━━━ SOURCE DATA
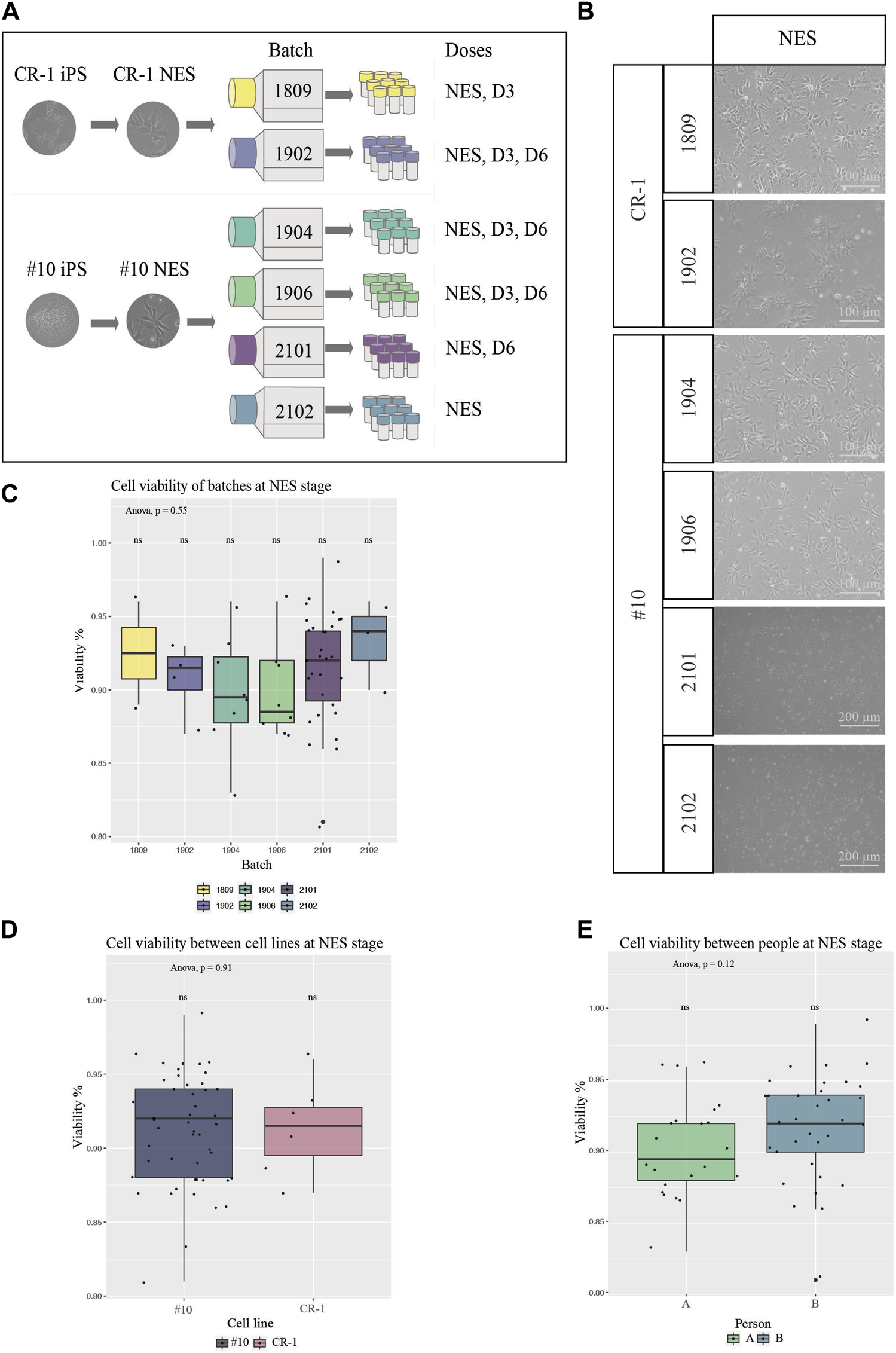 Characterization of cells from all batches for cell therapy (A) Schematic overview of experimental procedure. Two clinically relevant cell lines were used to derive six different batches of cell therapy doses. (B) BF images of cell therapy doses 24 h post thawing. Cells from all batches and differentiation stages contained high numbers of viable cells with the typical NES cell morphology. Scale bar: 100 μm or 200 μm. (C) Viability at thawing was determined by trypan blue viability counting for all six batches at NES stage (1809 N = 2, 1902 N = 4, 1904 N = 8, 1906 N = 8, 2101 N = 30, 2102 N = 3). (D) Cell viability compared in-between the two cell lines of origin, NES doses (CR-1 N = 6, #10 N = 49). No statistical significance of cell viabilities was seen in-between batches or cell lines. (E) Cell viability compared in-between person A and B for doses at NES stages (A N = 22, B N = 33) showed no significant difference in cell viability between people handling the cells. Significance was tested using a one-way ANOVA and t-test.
━━━━━━
━━━ SOURCE DATA
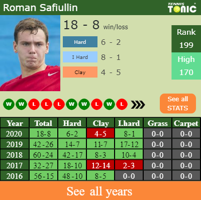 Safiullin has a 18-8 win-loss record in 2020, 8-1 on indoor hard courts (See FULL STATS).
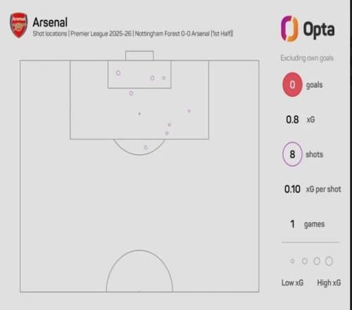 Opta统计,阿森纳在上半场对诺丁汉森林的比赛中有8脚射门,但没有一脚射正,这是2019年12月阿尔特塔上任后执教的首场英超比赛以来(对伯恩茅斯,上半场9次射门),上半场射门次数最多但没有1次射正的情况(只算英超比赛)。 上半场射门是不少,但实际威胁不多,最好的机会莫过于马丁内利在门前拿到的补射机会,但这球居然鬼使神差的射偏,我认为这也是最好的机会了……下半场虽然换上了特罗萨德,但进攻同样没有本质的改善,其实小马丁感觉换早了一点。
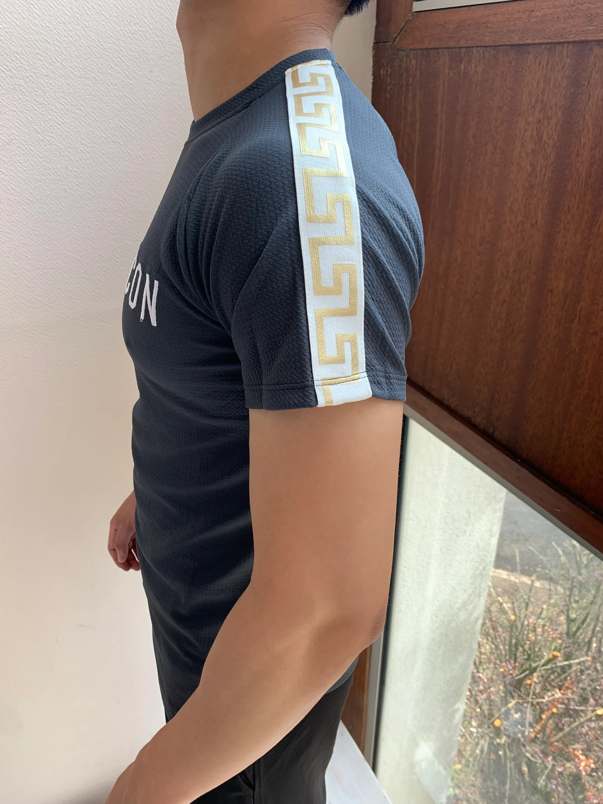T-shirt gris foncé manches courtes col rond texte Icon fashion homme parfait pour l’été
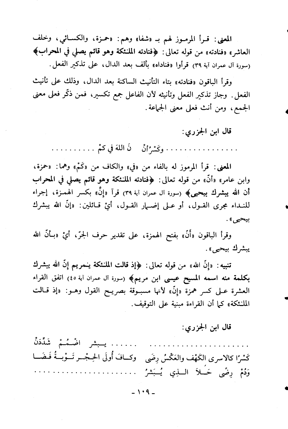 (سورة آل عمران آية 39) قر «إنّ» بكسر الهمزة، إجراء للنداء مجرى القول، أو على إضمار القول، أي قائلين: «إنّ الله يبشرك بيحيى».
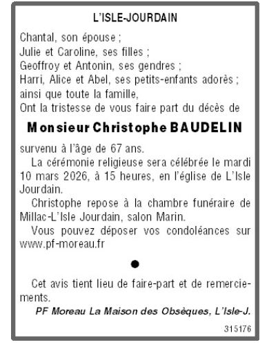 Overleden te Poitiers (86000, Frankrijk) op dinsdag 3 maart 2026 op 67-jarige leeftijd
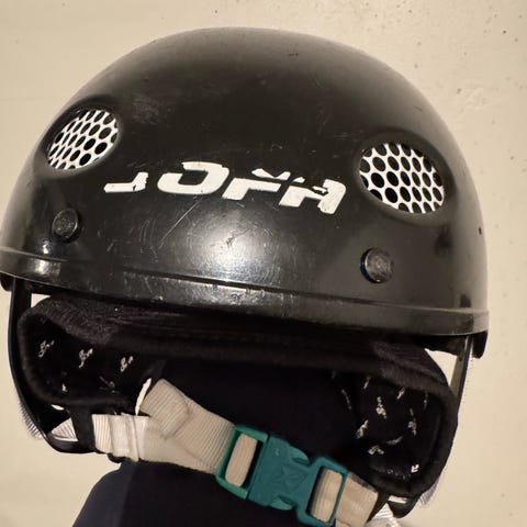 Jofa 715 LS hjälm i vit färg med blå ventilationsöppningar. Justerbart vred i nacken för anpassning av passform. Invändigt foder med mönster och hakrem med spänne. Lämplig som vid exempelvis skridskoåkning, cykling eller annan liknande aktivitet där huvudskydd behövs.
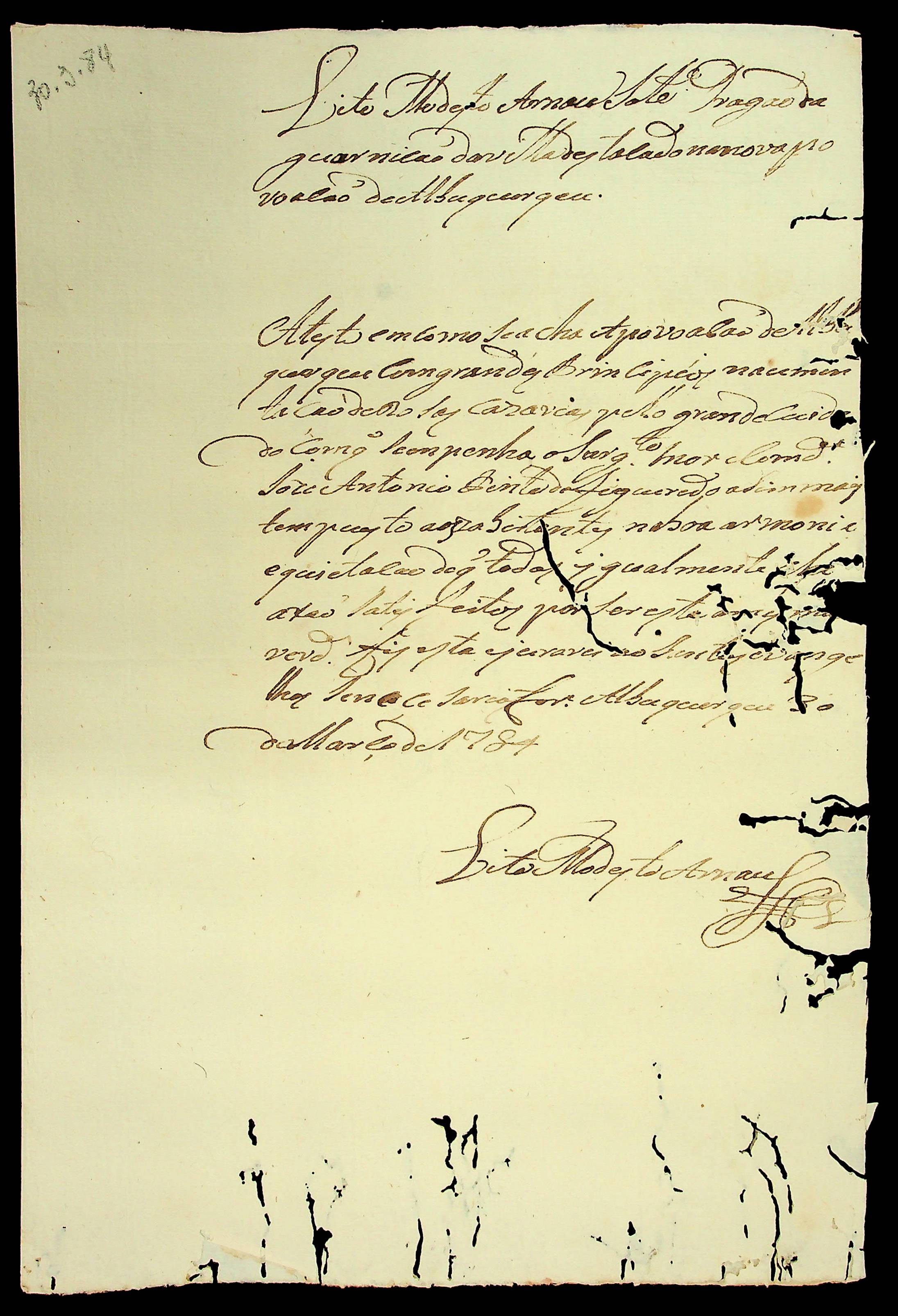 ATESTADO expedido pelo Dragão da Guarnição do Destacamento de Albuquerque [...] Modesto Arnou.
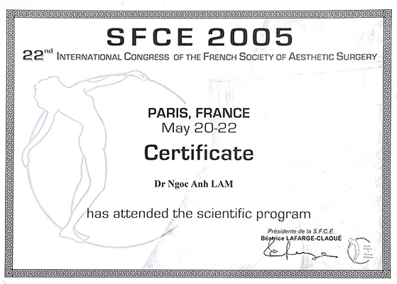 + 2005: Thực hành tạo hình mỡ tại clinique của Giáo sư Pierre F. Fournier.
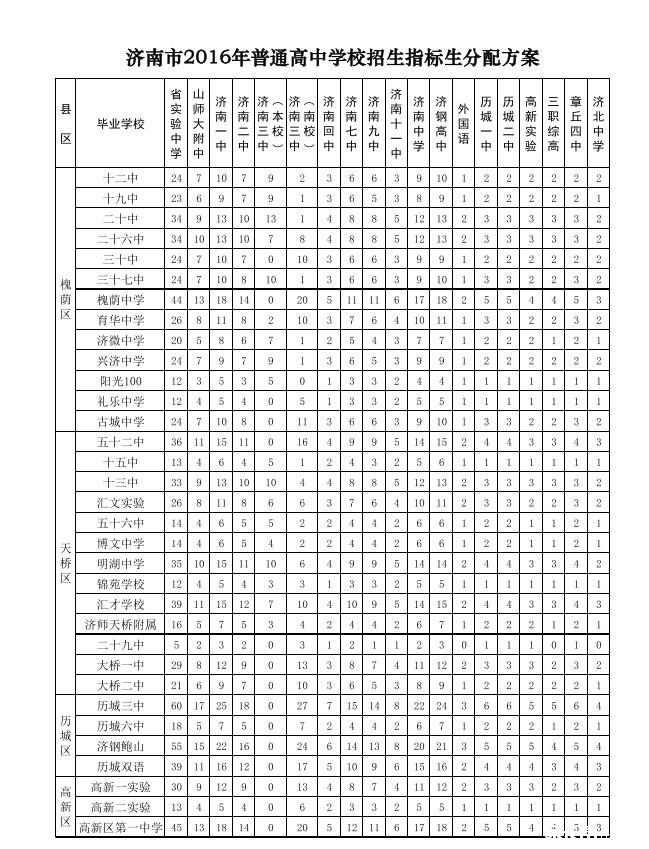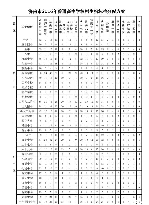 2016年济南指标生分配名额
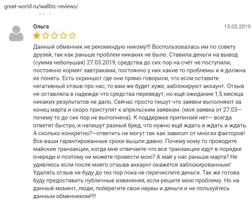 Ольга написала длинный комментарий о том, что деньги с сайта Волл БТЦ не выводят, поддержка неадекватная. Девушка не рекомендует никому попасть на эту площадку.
━━━━━━
■ ASSIGNMENT
In the listing above, find the line with "ATESTADO expedido pelo" and the line with "Ольга написала длинный". Copy exactly those lines and all between them, minus the images.

■ FINISHED EXERCISE
 ATESTADO expedido pelo Dragão da Guarnição do Destacamento de Albuquerque [...] Modesto Arnou.
 + 2005: Thực hành tạo hình mỡ tại clinique của Giáo sư Pierre F. Fournier.
 2016年济南指标生分配名额
 Ольга написала длинный комментарий о том, что деньги с сайта Волл БТЦ не выводят, поддержка неадекватная. Девушка не рекомендует никому попасть на эту площадку.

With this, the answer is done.